仲良くなれてると思っていたのは、俺だけだったのかなって。
「灰凌っ、せっかくの文化祭なんだから楽しまなきゃ!俺は明日一緒に回れないけど、今日見れなかったところたくさんあるんだから、全部回るつもりで行きなよ!」
「いや、全部って…いくつあると思ってるの…大体全部回ってたらお腹が破裂しちゃう」
「…ぶはっ!さすが灰凌。天然炸裂してんね?」
「え?今のどこが?」
紅輝は答えずに笑っている。
「あー面白い」
笑うのに満足したのか、大きく深呼吸した紅輝。
面白いのは紅輝だけだ。
「とにかくさ、楽しもうってこと!」
「うん、それは、そうだよね」
あの優しい先輩のことだ。
断るにしても必ず返事はくれるはず。
部屋に戻って、お風呂を済ませて、ベッドに入ってからも俺は紅輝と話をしていたのだけど、気づけば眠っていた。

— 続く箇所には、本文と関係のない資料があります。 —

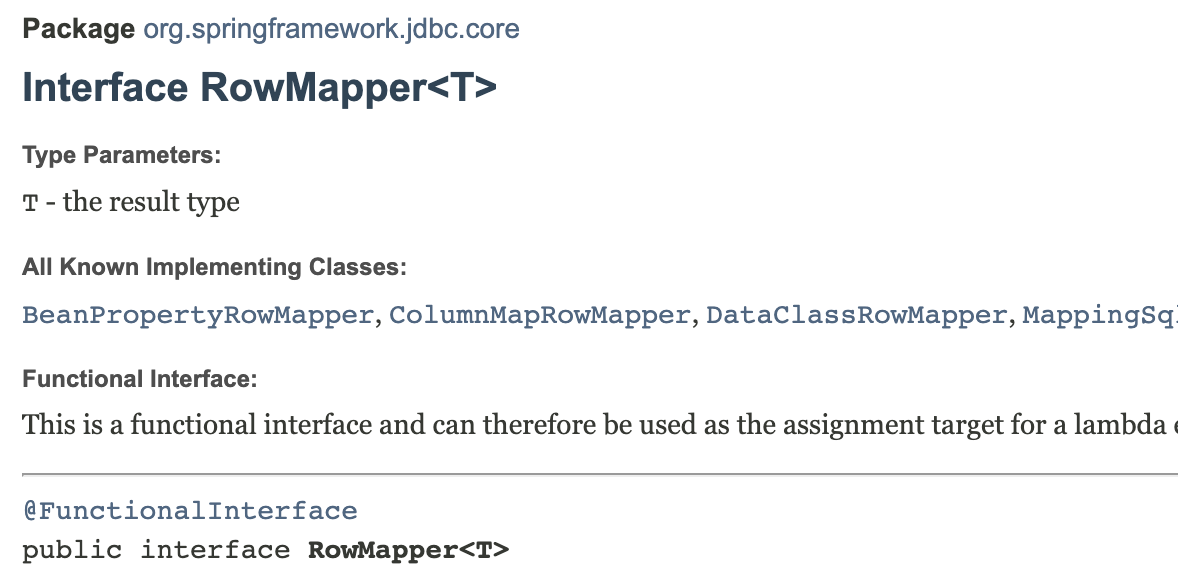 - RowMapper는 메서드가 하나만 존재하는 인터페이스라 람다 전달이 가능하다.
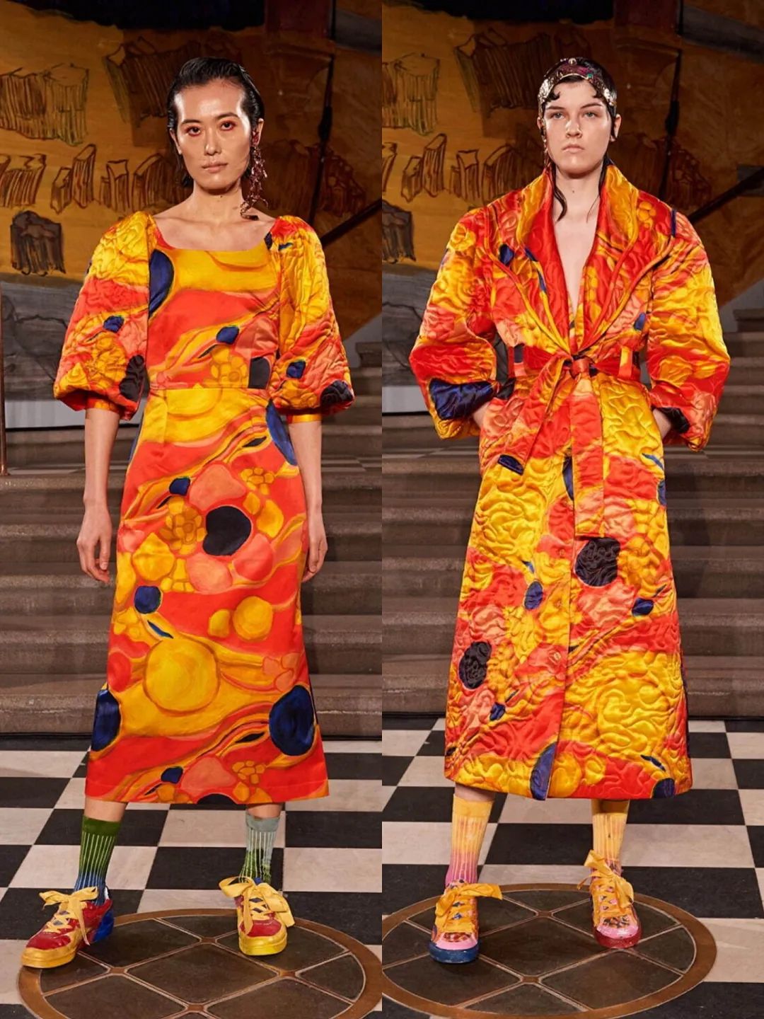 Helmstedt的作品将色彩、质量和工艺放在首位,所有印花图案都是Emilie Helmstedt 手绘,以鲜艳的水粉和油彩呈现出清晰可见的笔触,并采用最优质的面料制成。丰富的色彩和无限创意的设计像置身于童话之中,犹如置身于爱丽丝梦游仙境的梦幻童话中,非常时尚前卫且富有个性。

俺は部活にも入っていないから、クラスの担当時間が少しだけ多い。
今日も午前中はクラスの担当だ。
今日は裏方で、ひたすら焼いていた。
「菱沼〜クリーム足りそう?」
「うーん、微妙かも…」
「了解ー。そう、足りなさそうだから追加のもう持ってきて、はーい」
俺に声をかけたクラスメイトは電話を切るなり俺のところへ戻って来た。
「今調理室からクリーム持ってきてもらうから、そいつが来たら交代でいいってさ」
「あ、ありがとう」
「お礼言われるようなことじゃないけどな?」
そして数分後、クリームを持ってきたクラスメイトと交代し、俺はクラスを抜けた。
「あー…どうしよ」
朝はバタバタしていてクラスメイトを結局誰も誘えていない。